Liberty Global And Telefonica Strike $40 Billion UK Joint Venture

Virgin Media hopes a merger with O2 will help arrest its recent decline.
The £31 billion ($40 billion) merger deal in the UK between cable company Virgin Media and mobile operator O2 will if approved create a second major fully converged entertainment and communications group in the country alongside BT.
This would leave Comcast’s Sky as the largest pay TV operator but ironically dependent on O2 for the cellular infrastructure underpinning its mobile offering as an MVNO (Mobile Virtual Network Offering).
Virgin Media has also had an MVNO offering for some years, but that is currently over rival BT’s EE infrastructure, so again that has become an uncomfortable liaison. Indeed, Virgin Media’s courting of O2 was motivated partly by the desire to sever those bonds with BT, and now Sky may come under pressure to seek a more neutral cellular partner upon which to base the mobile component of its converged multiplay offering. But there are not many options, because the other two significant UK MNOs (Mobile Network Operators) are Vodafone, increasingly a competitor over fixed broadband and possibly TV in future, and Three, which is owned by CK Hutchison Holdings, a Hong Kong-based and Cayman Islands-registered conglomerate. The latter might be the only acceptable partner, but for now Sky will remain beholden to O2 as the latter plots its merger with Virgin Media.

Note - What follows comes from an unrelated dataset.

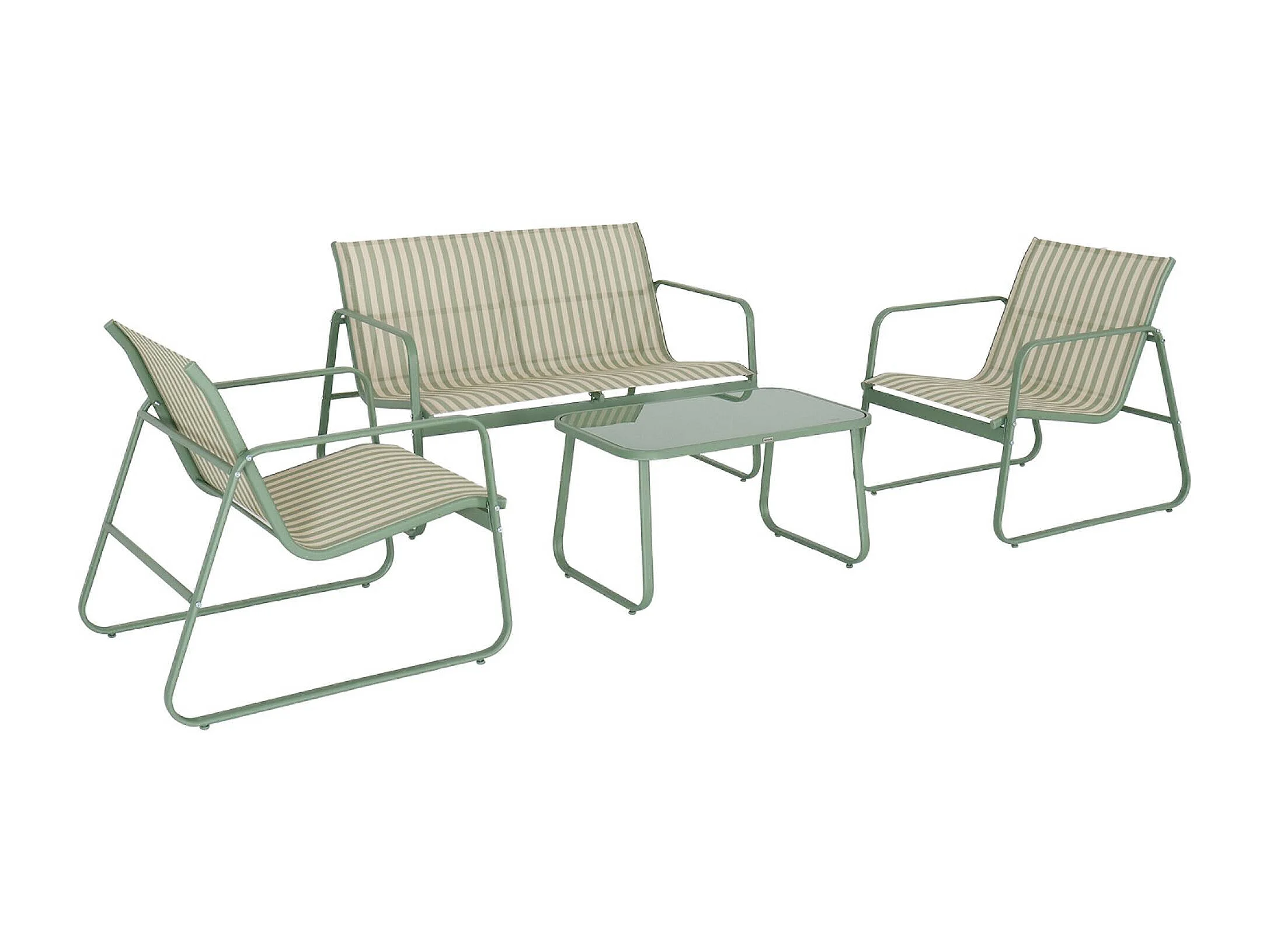 Salotto da giardino in metallo, 4 posti, verde

The merger is also another example of cable TV and mobile operators coming together to create a unified force capable of competing in the new world of converged media and communications. Vodafone has been moving this way for years, starting in Germany where it acquired the leading cable operator Kabel Deutschland for €7.7 billion ($8.6 billion) after a hostile but ultimately successful takeover campaign during late 2013. It then followed up by taking over the smaller but still significant German cable company Unity Media in 2019.

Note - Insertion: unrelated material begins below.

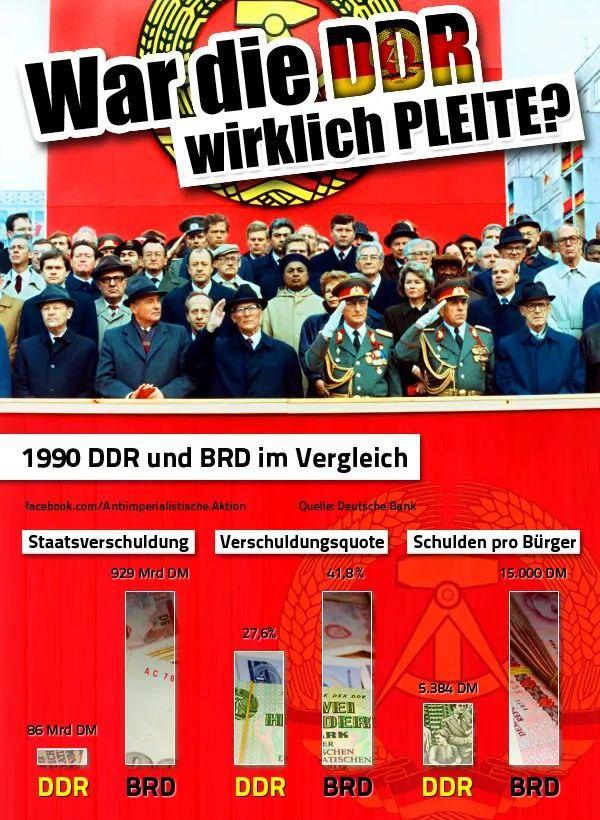 De facto war die sozialistische deutsche Wirtschaft solider, als die Kapitalistische und konnte einen konstanten Wachstum verzeichnen im Gegensatz zur Krisen geschüttelten Wirtschaft der BRD.Kernpunkt der Verleumdung der DDR-Wirtschaft ist eine angeblich extreme Verschuldung gegenüber kapitalistischen Staaten. Eine realistische Aussage über den wirklichen Stand der Verschuldung wurde nach langjähriger Arbeit durch die Deutsche Bundesbank gegeben. (Siehe Infografik) Die DDR hatte 1990 bis zur Auflösung Kunst- und Kulturschätze, Maschinen, Fabriken, Bodenschätze, Immobilien, Seen, Wälder und Land im Wert mehrerer Billionen Dollar, sowie nebenbei auch einige Goldreserven etwa 60 Tonnen. Und sie hat bis zuletzt alle Löhne und Renten zahlen, alle Kredite und Zinsen bedienen konnte und war nie zahlungsunfähig, nie überschuldet und nie kreditunwürdig, wie oftmals behauptet wird. Die Lüge, dass die DDR angeblich Pleite war geht vor allem auf das sogenannte Schürer-Papier von 1989 zurück. In welchem Gerhard Schürer unter anderem behauptete, dass die Auslandsschulden der DDR 49 Milliarden DM betrugen. Gerhard Schürer korrigierte 1990 selbst seine Analyse vom Oktober 1989: "Die Auslandsverschuldung der DDR war mit 20,3 Milliarden DM um mehr als die Hälfte niedriger, als wir im Oktober 1989 ausgewiesen haben." Tatsächlich betrugen die Auslandsschulden der DDR nach der Bilanz der Deutschen Bundesbank aus dem Jahr 1999 - lediglich 19,9 Milliarden Valutamark. De facto war die sozialistische deutsche Wirtschaft solider, als die Kapitalistische und konnte einen konstanten Wachstum verzeichnen im Gegensatz zur Krisen geschüttelten Wirtschaft der BRD.0 Commenti ·0 condivisioni ·3 Views ·0 Anteprima -

Meanwhile, Vodafone had achieved a similar goal via a different route in the Netherlands through its joint venture with cable group Liberty Global to create VodafoneZiggo. Such convergence enables cable operators to deliver a fully bundled service combining TV Everywhere, fixed broadband and mobile service, with scope for exploiting their fixed infrastructure to backhaul cellular traffic. The latter will become increasingly attractive as mobile operators deploy smaller cells in denser configurations within urban areas to enable the higher bit rates and lower latencies promised with emerging 5G mobile services.

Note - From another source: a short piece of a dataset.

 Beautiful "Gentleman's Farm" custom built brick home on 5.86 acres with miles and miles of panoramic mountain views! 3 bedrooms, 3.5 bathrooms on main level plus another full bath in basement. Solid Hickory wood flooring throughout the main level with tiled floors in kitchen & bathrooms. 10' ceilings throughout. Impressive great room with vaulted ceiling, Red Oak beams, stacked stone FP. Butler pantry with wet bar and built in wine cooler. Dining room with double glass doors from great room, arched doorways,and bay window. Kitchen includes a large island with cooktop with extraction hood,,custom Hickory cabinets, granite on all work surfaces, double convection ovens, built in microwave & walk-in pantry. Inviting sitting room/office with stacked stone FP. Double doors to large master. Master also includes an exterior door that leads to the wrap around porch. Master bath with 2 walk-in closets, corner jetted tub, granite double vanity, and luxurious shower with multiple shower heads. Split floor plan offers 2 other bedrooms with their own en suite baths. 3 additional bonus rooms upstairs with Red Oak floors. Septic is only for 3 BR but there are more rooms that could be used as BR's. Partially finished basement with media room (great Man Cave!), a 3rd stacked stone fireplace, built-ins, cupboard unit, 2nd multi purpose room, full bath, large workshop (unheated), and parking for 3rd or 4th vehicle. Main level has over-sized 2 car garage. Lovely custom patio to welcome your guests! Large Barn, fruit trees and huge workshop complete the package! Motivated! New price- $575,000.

At the same time, many cable operators such as Virgin Media have been shedding TV subscribers and relying increasingly on fixed broadband revenues. This has increased the urgency of shoring up their cellular offering to meet ever stronger competition from OTT providers, especially since 5G with its much higher potential capacity and QoS (Quality of Service) is likely to bring MNOs into the fold as premium video service providers.
Liberty Global is also Virgin Media’s parent following its acquisition of the operator for £15 billion (then $23 billion) in 2013, while O2 is Telefonica’s UK mobile operation. The agreed merger between Virgin Media and O2 can therefore be seen as part of a broader global consolidation occurring, undeterred by the current Covid-19 pandemic. Mobile operators themselves are vulnerable if they lack complementary fixed broadband offerings, which can complement their portfolios and provide backhaul capabilities, and that has been the case for O2 in the UK. That is why Vodafone has been stealthily building up its fixed broadband offerings in countries where it has a strong mobile presence.
However, the merger between Virgin Media and O2 will leave Vodafone in danger of falling by the wayside of converged entertainment in its domestic UK market, for it has been struggling to build up fixed broadband share there, while its TV offering is largely confined to including Apple TV 4K in its unlimited broadband and data bundle. Currently Vodafone has just 2.5% of the UK fixed broadband market with 687,000 subscribers out of 26.7 million, against market leader BT on 9 million, with Sky and Virgin Media the other two major forces. For this reason, some analysts have been predicting that Vodafone may be bounced into making a counter bid for Virgin Media, having after all done business with Liberty Global in the Netherlands and had discussions about convergence elsewhere in Europe. There is also the question of regulatory approval, so it is not yet a done deal, although the odds are in favor. Such a merger is in keeping with similar consolidations elsewhere, while regulators would more strongly resist mergers within a sector such as mobile services between already dominant players.